Meet The Industry’s New Company Artists

The Industry Company artists

As we continue to imagine paths forward for The Industry, we know that our commitment to artists remains the core of our identity. That’s why we launched The Industry Company two years ago to cultivate opportunities for talent on every level of opera’s creation and to shine a spotlight on the artists who have created our ambitious productions.

Each year we add artists from the various disciplines that make our projects so exciting: singers, designers, writers, and instrumentalists. This year we are thrilled to welcome librettist Douglas Kearney and voice artist Sharon Chohi Kim to the Company.

While we are unable to celebrate Douglas and Sharon in person, we can see them and their work on-screen via these new artist feature videos. Read on to learn more about these artists and their wonderful work with The Industry.

Meet Douglas Kearney

For the past seven years, we have been inspired by Douglas’s poetry, librettos, and performance.
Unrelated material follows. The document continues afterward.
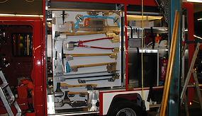 Unser Fahrzeug steht kurz vor der Fertigstellung. Die Geräteeinbauten sind beendet, die Ladebordwand und die Anhängekupplung sind fertig montiert. Am Montag erfolgen: Fertigstellungsarbeiten am gesamten Fahrzeug die Außenbeschriftung und die Anbringung der Reflexstreifen die Abnahme der Ladebordwand durch einen Ziviltechniker die Abnahme des Fahrzeuges durch den Landesfeuerwehrverband die Abnahme durch die Feuerwehr Am Dienstag sind die Zulassung des Fahrzeuges, die Endreinigung der Innenräume und die Vorbereitung des Fahrzeuges zur Übergabe vorgesehen.

In his collaborations with The Industry, he wrote most of the libretto for our first major production Crescent City, and he wrote half of the libretto for our most recent production Sweet LandIn both works, Douglas excavated the complexities of trauma and violence in our culture with incredible empathy and style. For more from Douglas, watch his interview about Sweet Land here and check out his new Company artist feature video below. If you’re interested in experiencing more of his work, his poetic Afterword to Sweet Land in the opera’s digital program was a powerful and evocative experience in and of itself.
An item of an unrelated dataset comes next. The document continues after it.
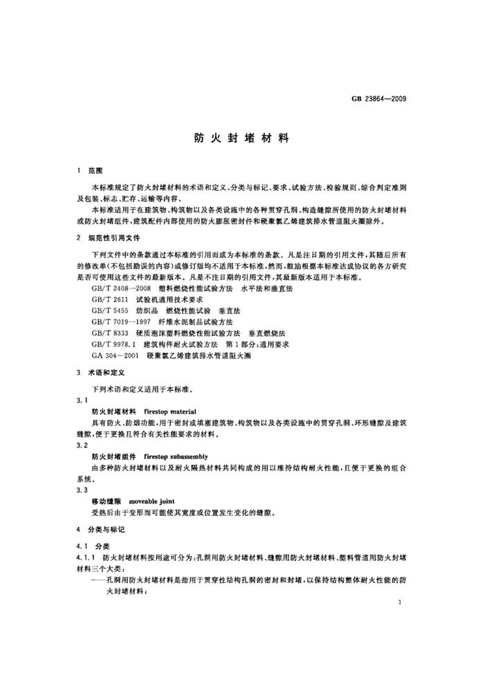 【國家標(biāo)準(zhǔn)】 GB 23864-2009 防火封堵材料 標(biāo)準(zhǔn)pdf

I’m interested in how writing libretti forces me to not account for every aspect of the writing.  And leaving those things vacant is exciting when you have collaborators that you trust.

Douglas Kearney

Meet Sharon Chohi Kim

We are awed by watching voice artist Sharon push her practice to the extremes and her communion with her material, roles, and collaborators. Most recently for The Industry, Sharon embodied the terrifying Wiindigo in Sweet LandHer improvisations haunted and disorientated us in thecentral Crossroads scene. You may also remember Sharon from one of the most harrowing scenes in our production of Hopscotch, Chapter 22, where two Luchas journey to the depths of despair, searching for their lover. For more from Sharon, watch her new Company artist feature video below.

I admire singers who can take risks and push themselves, even when they risk cracking, or looking dumb, or looking ugly.  I really wanted to get out of this looking feminine and sexy and pretty and embodying traditional female roles.

Sharon Chohi Kim

You can experience both Sharon and Douglas’s incredible work in Sweet Land, which is available for streaming here

Stay tuned for more news from The Industry coming soon!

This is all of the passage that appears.